PEKANBARU, LIPO - Badan Pendapatan Daerah (Bapenda) Kota Pekanbaru, melakukan penilaian individual terhadap objek Pajak Bumi dan Bangunan (PBB) Pondok Pesantren Nurul Azhar, Kelurahan Rantau Panjang, Kecamatan Rumbai Barat, Selasa (31/3/2026).
Petugas dari Bapenda Kota Pekanbaru turun langsung ke objek pajak guna mengecek langsung kondisi di lapangan. Petugas mencocokan data yang ada pada Bapenda, dengan kondisi ril di lapangan saat ini.
Pondok pesantren yang dinaungi Yayasan Tabungan Wakaf Umat ini, berdiri pada lahan seluas 9.000 meter persegi.
Objek yang dinilai meliputi asrama santri, gedung majelis guru, rumah tinggal guru, dan gedung aktivitas santri. Petugas mengukur ulang bangunan yang ada di kawasan tersebut.
"Penilaian individual ini guna mendapatkan data yang akurat," kata Kepala Bapenda Kota Pekanbaru, T Denny Muharpan.
Penilaian objek pajak individual merupakan langkah penting dalam mendukung optimalisasi penerimaan daerah. Dengan adanya data yang valid, pemerintah daerah dapat menetapkan nilai pajak secara lebih adil, transparan, dan sesuai dengan kondisi riil.
“Penilaian ini kami lakukan untuk memastikan bahwa seluruh objek pajak, termasuk lembaga pendidikan seperti pondok pesantren, memiliki data yang sesuai dengan kondisi sebenarnya. Hal ini penting agar penetapan pajak dapat dilakukan secara tepat,” ujarnya.
Dalam proses penilaian di Pondok Pesantren Nurul Azhar, tim Bapenda melakukan pengukuran luas tanah, luas bangunan, serta pendataan fasilitas pendukung yang ada di lingkungan pesantren. Selain itu, petugas juga mencocokkan data administrasi yang dimiliki pemerintah daerah dengan kondisi aktual di lapangan.
Kegiatan ini dilakukan sesuai dengan ketentuan dan regulasi yang berlaku, serta mengedepankan pendekatan persuasif dan komunikasi yang baik dengan pihak pengelola objek pajak. Hal ini penting untuk menjaga hubungan yang harmonis antara pemerintah daerah dan masyarakat.
Menurutnya, perkembangan dan peningkatan fasilitas pada berbagai objek bangunan di Kota Pekanbaru, termasuk lembaga pendidikan dan keagamaan, perlu terus diperbarui dalam sistem data perpajakan daerah. Hal ini dikarenakan perubahan fisik bangunan maupun penggunaan lahan dapat memengaruhi nilai objek pajak.
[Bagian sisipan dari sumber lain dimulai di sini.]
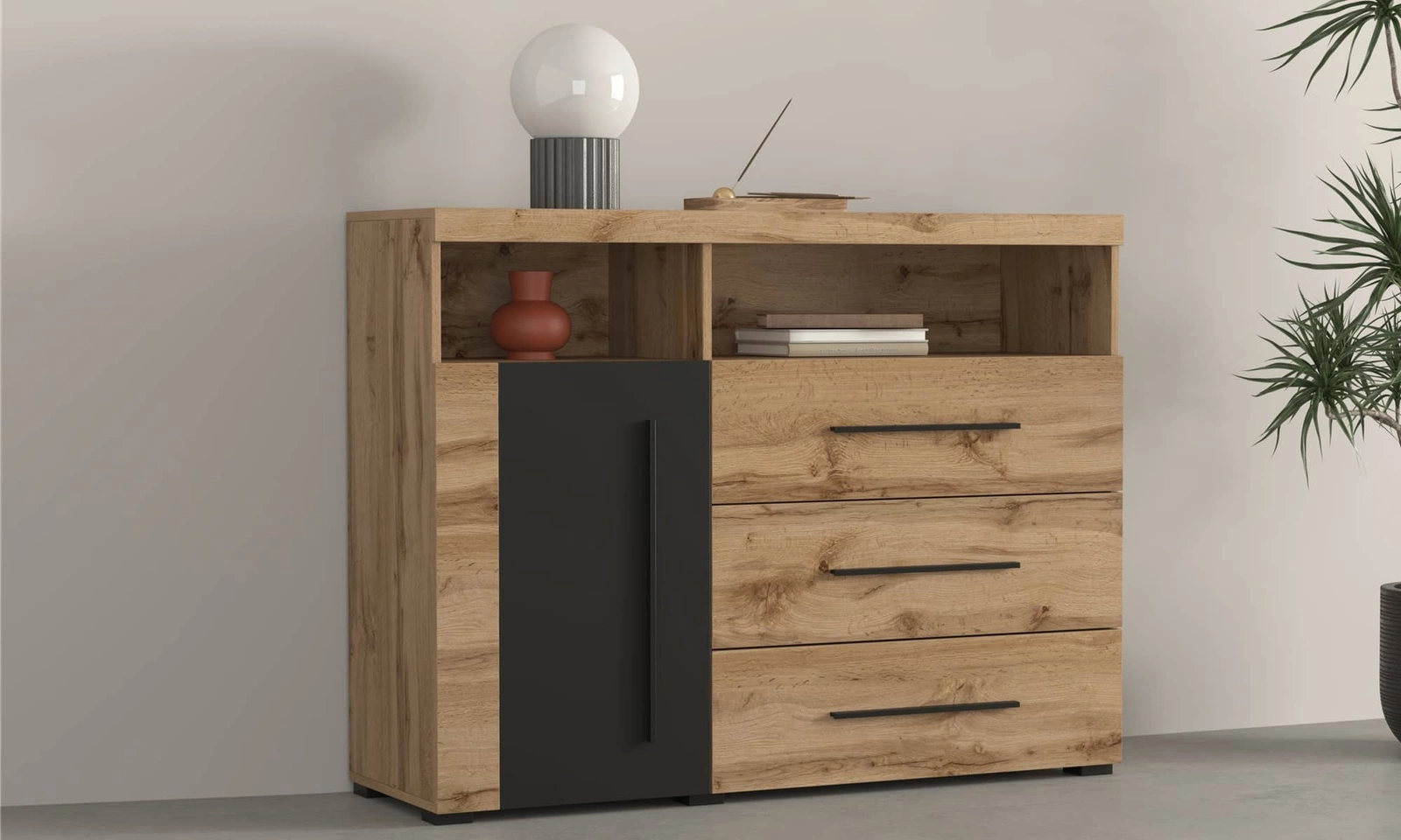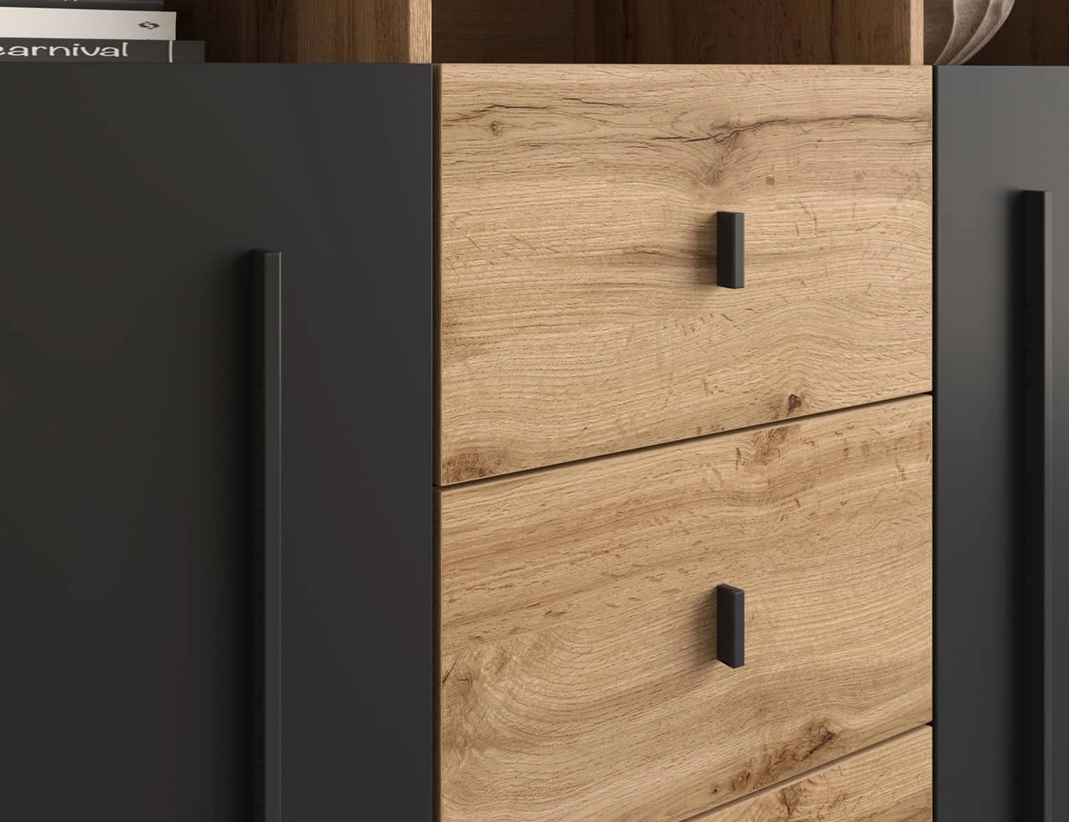 Komoda z szufladami z kolekcji Roger to idealne bryły do nowoczesnych wnętrz w jasnych barwach, jak i bardziej stonowanych, industrialnych aranżacji. Obecność komody stanie się stylowym wykończeniem pomieszczenia oraz nada mu szczególnego charakteru. Modny odcień dębu został przełamany wstawkami w kolorze czarnym co sprawia, że meble prezentują się bardzo elegancko i szykownie. Uchwyty w kolorze czarnym to element, który przyciągają wzrok i sprawia, że całość prezentuje się bardzo gustownie.
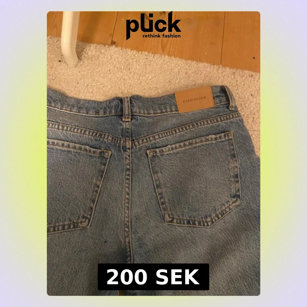 Skit Snygga blå jeans från Bubbleroom med baggy ben och klassisk femficksdesign. Jeansen har medel/ låg midja och råa, fransiga benslut för en trendig look. Tillverkade i klassiskt denimtyg som ger en avslappnad vibe.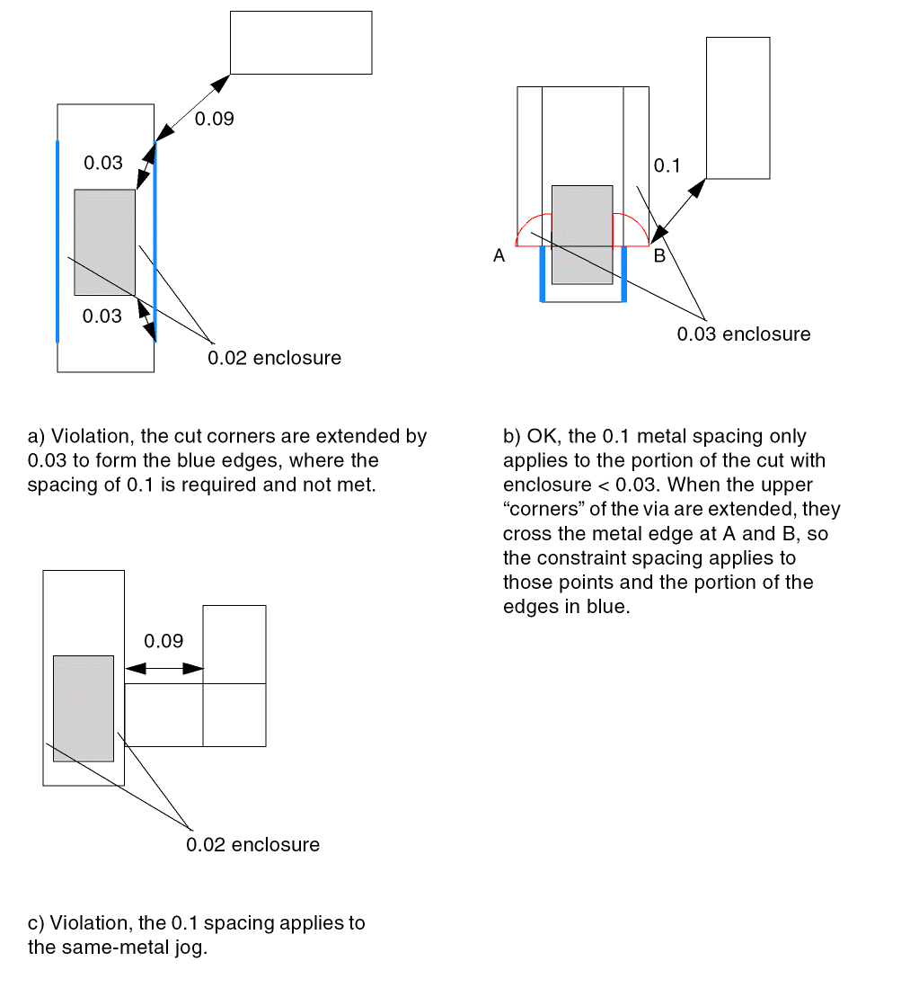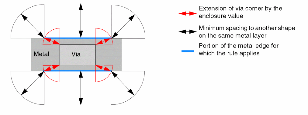 If the enclosure is less than the constraint enclosure value, the portion of the metal edge that applies to the constraint is determined by extending the via corner by the enclosure value in Euclidean style to intersect the metal edge, as shown by the blue lines in the following figure.

“Data yang kami miliki harus selalu diperbarui agar sesuai dengan kondisi di lapangan. Dengan begitu, sistem perpajakan menjadi lebih akurat dan tidak merugikan pihak mana pun,” jelasnya.
Selain melakukan penilaian, petugas juga memberikan penjelasan kepada pihak pengelola pondok pesantren mengenai tujuan kegiatan tersebut. Bapenda menekankan bahwa penilaian bukan semata-mata untuk meningkatkan beban pajak, melainkan untuk memastikan keadilan dalam sistem perpajakan daerah.
Bapenda juga menyampaikan bahwa pajak daerah merupakan salah satu sumber utama pembiayaan pembangunan di Kota Pekanbaru. Dana yang dihimpun dari sektor pajak digunakan untuk mendukung berbagai program pemerintah, mulai dari pembangunan infrastruktur, peningkatan layanan kesehatan, pendidikan, hingga pelayanan publik lainnya.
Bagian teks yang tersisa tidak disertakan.